● **TASK PROMPT**: Taking the data below, please print only the lines from the line holding "金魚をモチーフにした小物、郡" to the line holding "Nastavenie údajov o mieste predaja", inclusive, with pictures omitted.

[[ DATA FOR THIS EXERCISE, beginning ]]

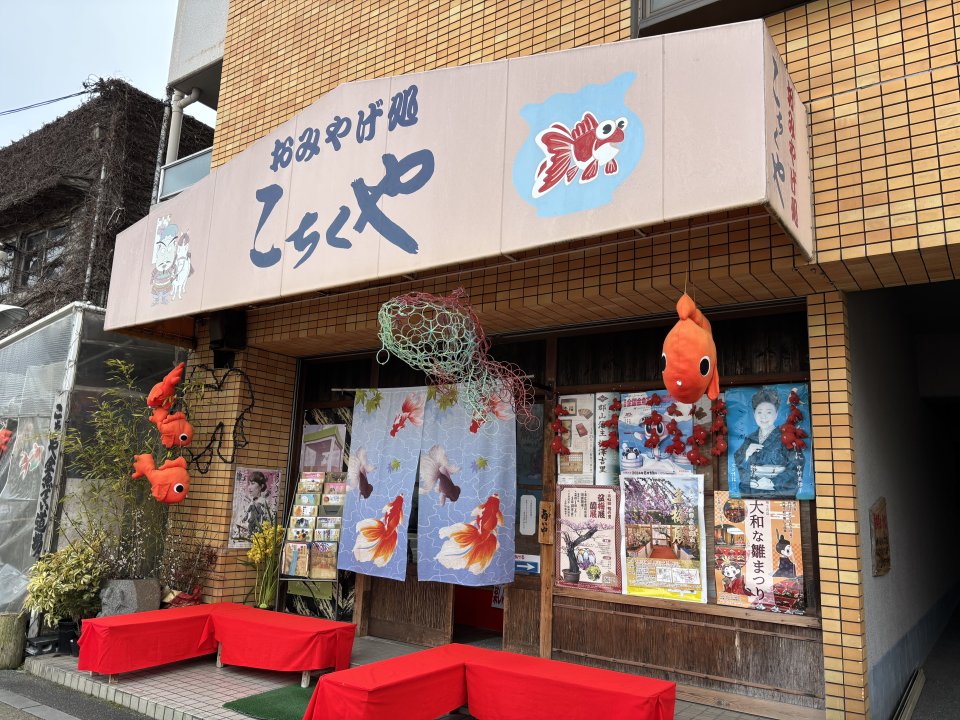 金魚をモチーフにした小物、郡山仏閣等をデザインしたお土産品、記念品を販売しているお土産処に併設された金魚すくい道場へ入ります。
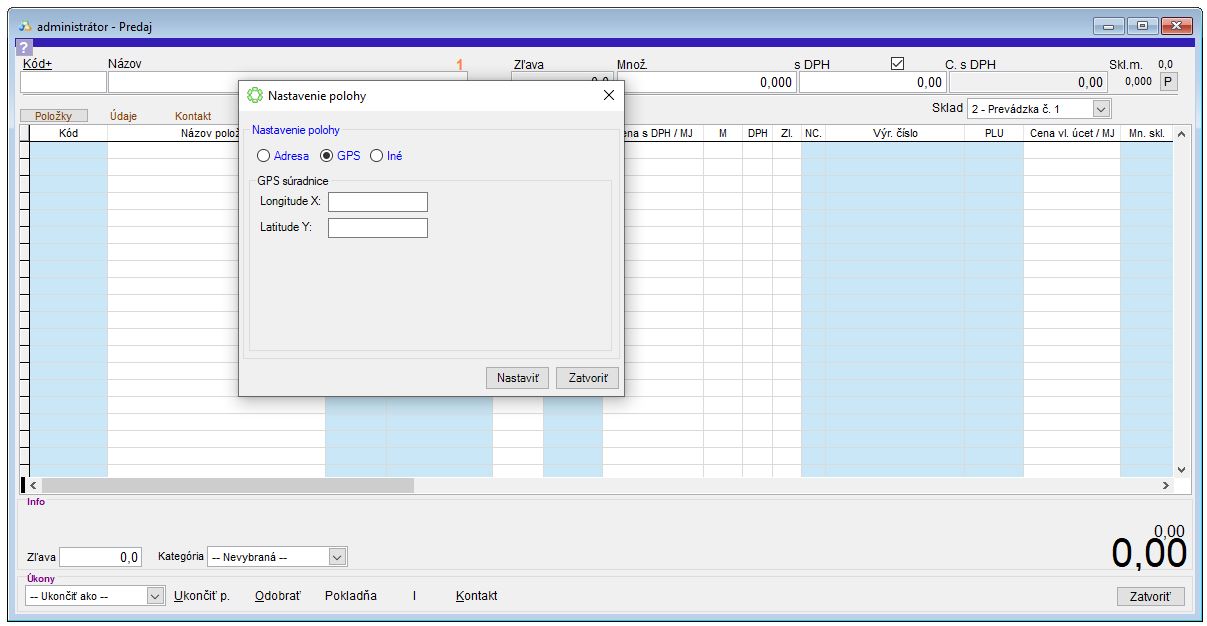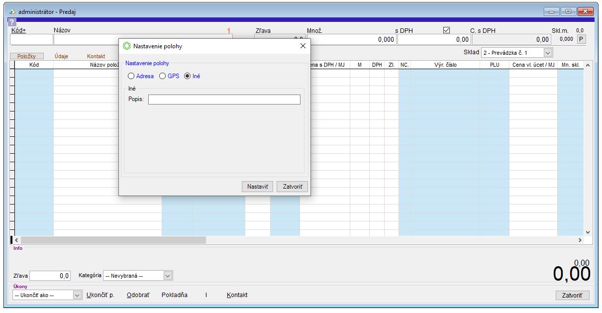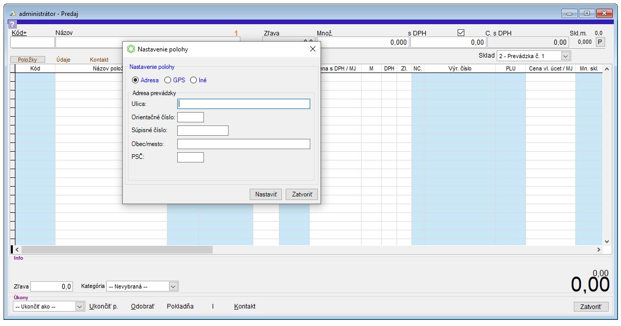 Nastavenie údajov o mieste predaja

[[ DATA FOR THIS EXERCISE, end ]]
[[ DATA FOR THIS EXERCISE, beginning ]]

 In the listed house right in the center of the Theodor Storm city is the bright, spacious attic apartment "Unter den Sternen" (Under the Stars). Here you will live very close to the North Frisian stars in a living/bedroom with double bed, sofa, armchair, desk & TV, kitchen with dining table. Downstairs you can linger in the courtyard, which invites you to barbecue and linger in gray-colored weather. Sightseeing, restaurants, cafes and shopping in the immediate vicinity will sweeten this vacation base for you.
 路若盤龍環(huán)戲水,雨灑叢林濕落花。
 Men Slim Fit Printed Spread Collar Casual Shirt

[[ DATA FOR THIS EXERCISE, end ]]

● **RESULT**:
 金魚をモチーフにした小物、郡山仏閣等をデザインしたお土産品、記念品を販売しているお土産処に併設された金魚すくい道場へ入ります。
 Nastavenie údajov o mieste predaja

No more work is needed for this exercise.